Creating a dream-like atmosphere, the terrain is cloudy and perspectives shift with remarkable ease. Is it an urban landscape, or monumental calligraphy? The representation of a fast changing world, or a fantastical landscape where writing and drawing merge? When do alphabets become words? When do scribbles and markings on the page become writing, and start to make sense? Since the relationship between script and language is one that Jani has closely observed, and he is able to deconstruct words and motifs from religious associations, making charms and amulets that protect as much as they provoke. The Panja (a sacred handprint), for example, is now more than a talismanic device and contains multitudes of stories within it.
For Jani, it is evident that the world is constructed with form and words, both of which are malleable on sheets of paper. His work invokes Italo Calvino’s Invisible Cities, where Marco Polo says: “Cities, like dreams are made of desires and fears, even if the thread of their discourse is secret, their rules are absurd, their perspectives deceitful and everything conceals something else […].” What rules apply to the arches, the tall towers and subterranean landscape in Jani’s work? Just as a master calligrapher privileges aesthetics and symmetry, and relies on the viewer to know where the nukta (diacritic mark) ought to be placed in order to be able to read, Jani trusts the viewer to read his Verses.
By flattening the globe, ironing out the creases of the map of the earth while integrating the form of the globe in Ta’aveel (5), Jani spells out the scope of his engagement: this work is not rooted to a particular geography, or Islamic theology, but exists in a wide spectrum. There is no tension between word and image in Jani’s world but a coexistence, and an open-mindedness towards interpretation. His voice is a faint but firm whisper, heard through indications, subtle nudges and suggestions but without insisting upon a singular point of view, or asserting a fixed meaning. In creating space of dialogue, a place for belief and room for disbelief, the artworks in Jani’s Pareidolia manifest unique patterns, which range from protest to despair, from hope to celebration, poetry to prayer. Fragmented but not broken, the spiritual and the mundane sit comfortably together, as do natural forms and man-made constructions. The artworks create a world where poetry is insinuated rather than recited, understood rather than expounded. Comprehension hangs on a thread of belief, of devotion, and in the same way, on skepticism.
Jani is on a search for meaning, and attempts to trace the roots of implicitly knowing, and acquired knowledge. The artist has left a series of clues for the viewer, some disjointed, others distracting, and he lets you find your own language to decipher messages. The line from Antoine De Saint-Exupéry’s classic The Little Prince resonates perfectly: L’essentiel est invisible aux yeux (What is essential is invisible to the eyes.) In Pareidolia: songs of (dis)belief you have to choose what you see, but with more than just your eyes.

APARNA ANDHARE

Is an art critic and curator.

2008 CATALOGUE ESSAY FOR METAMORPHOSES

METAMORPHOSES

By astutely recreating a museum ethos for his figural sculptures, Jani mocks the whole business of museum display: the high-cultural commodity with its classicism, conservatism and monoculturalism. The clues of alternative modes of being are inserted into this: alternative sexuality, alternative perception of the male body, readings of fertility and virility myths, and androgyny in place of macho heroism.

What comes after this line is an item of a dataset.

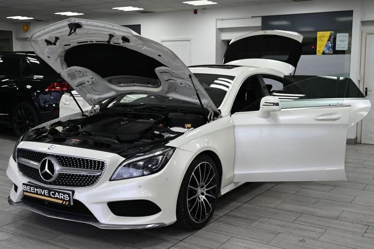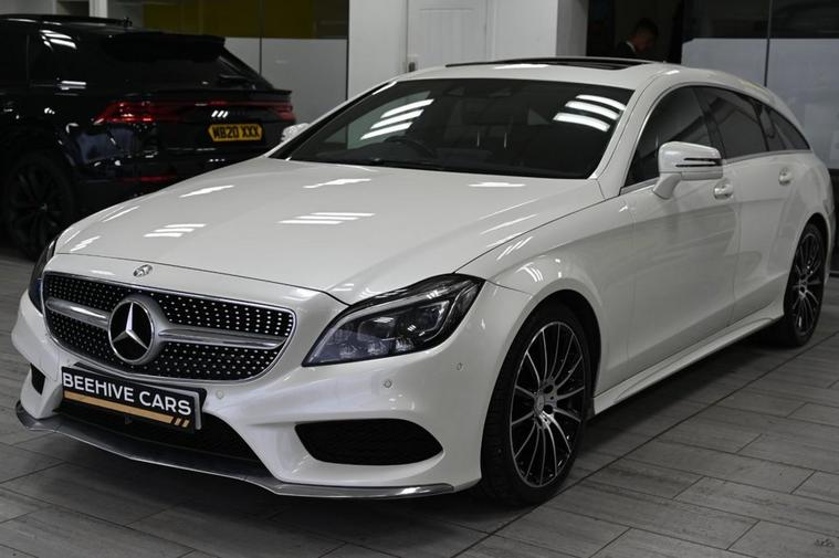 DRIVE AWAY TODAY OR HOME DELIVERY TO YOUR DOORSTEP FINANCE & PART EXCHANGE ARRANGED ONLINE** 7 DAY MONEY BACK GUARANTEE** Lovely car Mercedes Cls220 blue tec amg line shooting brake in metallic designo diamond White full service history sat nav cd radio bluetooth media usb tilt and slide sunroof reverse camera full leather seats with armrest heated seats electric memory seats electric folding door mirrors front and rear parking aid sensors xenon lights flat bottom steering wheel with f1 style paddleshifts electric push button tailgate alloys privacy

… On the level of seductive but disturbing beauty and gut sensation, Jani evokes complex layers of our relationship with animals- its hoary source, the merely suppressed “beastliness” of instinctual drives that always resurface and the metaphorically felt kinship with natural grace, liveliness and robustness. Jani recalls archaic yearly rituals that give release to pent-up feral stirrings – from the Ides of March to Holi, and less unruly contemporary carnivals of partying, perhaps rioting too. If hybrid imagination is steeped in ancient and classic eras, our loosely familiar, global world today offers its own embodiments, when artistic, ideological and fantasy paradigms from many countries, times and cultures meet and screen one another in a sudden commonality of once alien heritage elements. Day to day proximity to animals has its specific influence, whereas experiments in genetic engineering have started to baffle our understanding of categories, identity and uniqueness, not to mention their ethical consequences and existential anxiety. Besides, the local situation is replete with diverse realities living side-by-side – urban and rural landscapes, male and female sensibilities, displacements against a kaleidoscope of social, religious, linguistic and economic strata. Sometimes ignorant of or indifferent to one another, more often-such realities need to mediate a tentative, clashing and partial symbiosis. Thus, we are always and always have been creatures of a hybrid condition…

MARTA JAKIMOWICZ

Is an art critic and curator.

2007 CATALOGUE ESSAY FOR GREAT EXPECTATIONS

WHAT A MAN CAN EXPECT

In ‘Great Expectations,’ Jani brings a subversive spirit not just to classical themes and images he quotes, but also to his own oeuvre. Clad in virulent blues and greens, embedded with flashing LED’s, sitting on stainless steel trays, the sculptures in this show seem the result of a collision between Jani’s earlier figures and the aesthetic of the small-town-mela.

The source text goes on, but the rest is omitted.